The ripple effects for automotive liability will be interesting to watch here. For a long time, insurance companies have viewed these citations as an easy signal for high-risk behavior. If that signal is now legally 'poisoned fruit' in Florida, it likely makes the move toward private telematics tracking your actual braking and speed via apps even more inevitable for the carriers. They are going to want that risk data one way or another, and private tracking bypasses the due process issues of municipal cameras.

jibal 6 hours ago

The HN title is factually incorrect. As the article's title and text state, it was Florida's specific law that was declared unconstitutional, and not because of red light cameras.

jollyllama 15 hours ago

Stephen Ruth sends his regards.

bell-cot 15 hours ago

Before getting too excited - note that it's just a County Court Judge. So the ruling only applies in one of Florida's 67 counties.

kevincloudsec 9 hours ago

whether you want a network of cameras tracking every vehicle through every intersection is a different question that nobody voted on

stevehawk 18 hours ago

just means they will install more cameras to capture driver faces or buy cellphone data

bluefirebrand 18 hours ago

Cellphone data is not sufficient to prove who is operating a vehicle

natas 8 hours ago

the judge probably also got a ticket

shevy-java 16 hours ago

Interesting - the constitution protects people for so many years now.

SilverElfin 16 hours ago

Great. Ban speed cameras next. They’re just performative safetyism used as revenue sources or by activists on an anti car quest. But I actually suspect all of this will somehow be twisted into something neither side expects, which is mass surveillance and tech grift.

lateforwork 18 hours ago

The problem with red-light cameras is that enforcement becomes robotic. Robots are perfect—they don’t make mistakes (at least in theory), and they don’t show leniency. If policing is done by robots, then humans are expected to be infallible.

crote 17 hours ago

This is a complete non-issue. It's a traffic light, you are supposed to stop when it turns yellow! The yellow is the leniency. If you can't manage to stop before it turns red, you are either: 1) speeding, 2) driving a vehicle with defective brakes, or 3) mentally impaired. In all three cases you are a danger to fellow road users.
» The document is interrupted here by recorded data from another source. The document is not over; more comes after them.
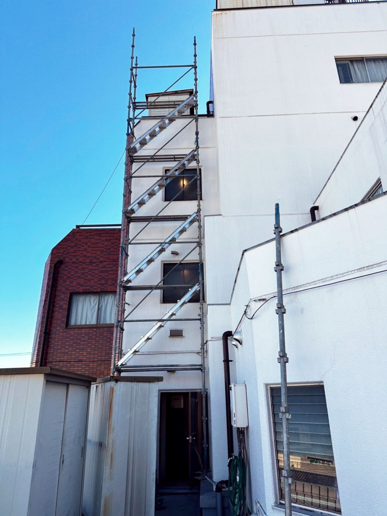 屋上階の給水タンク撤去のための足場です。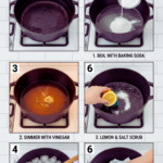 - Let it marinate for a few hours, then scrub with a non-scratch pad.
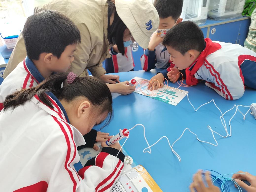 同时,志愿者们协助有基础的高年级同学将电路知识与3d打印技术相结合进行创新设计,同学们发挥自己的想像,畅想自己的设计方案,在使用3D打印笔进行模型制作时,志愿者们充当同学们的小帮手,引导同学们完善作品,最终实现大家的设计,虽然过程不是一帆风顺,但经过志愿者和同学们的不懈努力,大家在克服困难与不断创造之中收获了成就与欣喜。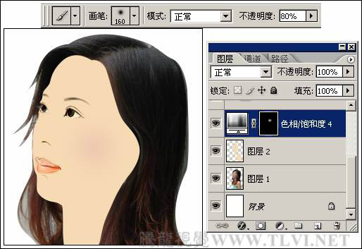 2”中的图像作为选区载入,然后再创建“色相/饱和度 5”调整图层,使用“画笔”工具,再对其蒙版进行编辑,勾勒出人物的立体感,如下图所示。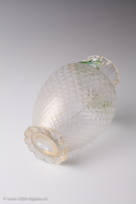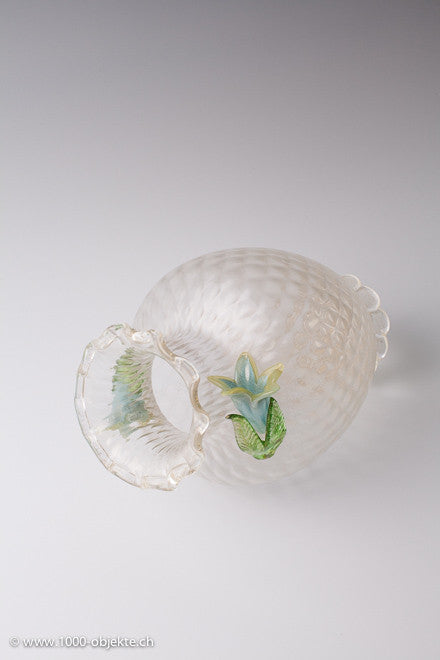 clear glass with honeycomb structure and floral applications produced by Arte Vetraria Muranese (A.Ve.M), Murano, Italy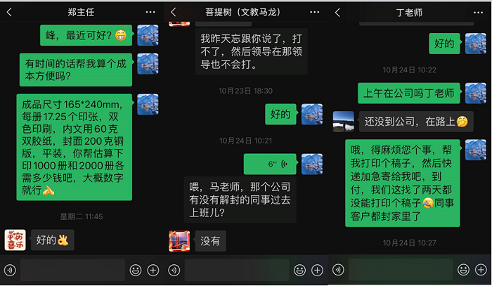 在接下来的工作中,于社长联系我指导工作,且多次询问业务情况。同时,我们出版部及党政办、主编室、排版设计部、质检部、营销发行及仓储部、财务部等同事都给予了支持和配合,对相关工作有问必答,毫无保留。其间,时间有早有晚,老师们一句“都是为了工作”,让我瞬间释怀。
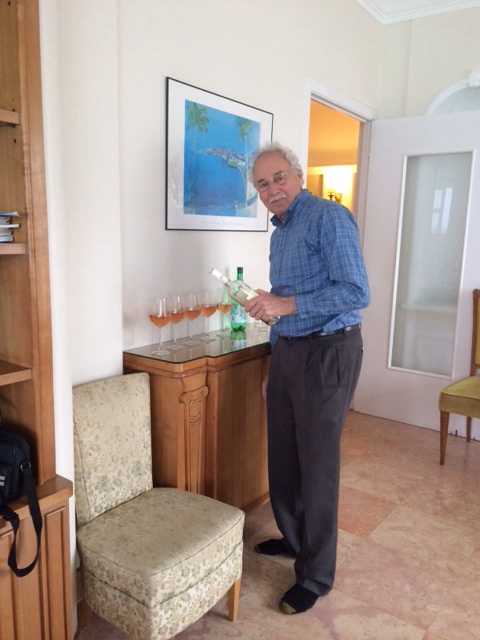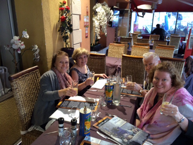 The next day we hosted Anna at our apartment for a light lunch and visit to the Matisse Museum. Well, our light lunch (with a bottle of Rose – another specialty of Provence) turned into an afternoon (with another bottle of Rose) – but much fun. We never saw Matisse. Instead, we went exploring and wandered around the landmark Hotel Negresco. Its rotunda was built by Gustave Eiffel and features a huge chandelier (16,000 pieces of Baccarat crystal) that was supposed to go in the Romanov palace – ordered by Czar Nicholas himself. But then the Russian Revolution happened, so it ended up staying in Nice. We finally settled down to dinner at a french/itialian brasserie on the Promenade – and of course we started with our new favorite aperitif – Pastis.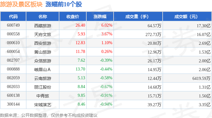 板块整体表现 - 旅游及景区板块当日下跌0.79%,领跌个股为凯撒旅业(跌幅4.81%)[1] - 上证指数下跌0.46%至3666.44点,深证成指下跌0.87%至11451.43点[1] - 板块主力资金净流出8929.34万元,游资净流出2973.97万元,散户资金净流入1.19亿元[2] 个股涨跌情况 - 西藏旅游涨幅6.02%居首,收盘价26.4元,成交额17.3亿元[1] - 天府文旅涨幅3.67%位列第二,收盘价5.93元,成交额16.07亿元[1] - 凯撒旅业跌幅最大达4.81%,收盘价4.75元,成交量113.86万手[2] - 西域旅游跌幅2.86%居次,收盘价40.14元,成交额8.32亿元[2] 资金流向分布 - 天府文旅获主力资金净流入4996.74万元(净占比3.11%),游资净流入2799.62万元(净占比1.74%)[3] - 西藏旅游获主力净流入4297.84万元(净占比2.48%),但游资净流出5393.08万元(净占比3.12%)[3] - 西安旅游主力净流入2961.18万元(净占比11.02%),为板块最高净占比[3] - 九华旅游主力净流出293.67万元(净占比2.49%),但游资净流入597.4万元(净占比5.06%)[3]

Besides, it's not a "the machine says so and not even the Supreme Court can overturn it" scenario. If there's genuinely a reason to cross into the intersection while the lights are red (such as there having been an accident, and a cop is temporarily managing traffic) the ticket will be waived. Heck, there will probably even be photographic evidence of it!

Most countries even have cops judge the tickets, just to already filter out those weird cases. The registration is done by a robot, but the policing is still done by a human.

vegadw 15 hours ago

Or you have a heavy, inbalanced object in your car you don't want sliding, something fragile in tow you don't want to have fast decelaration, or just don't have super-human reaction time since some light have extremely fast yellows.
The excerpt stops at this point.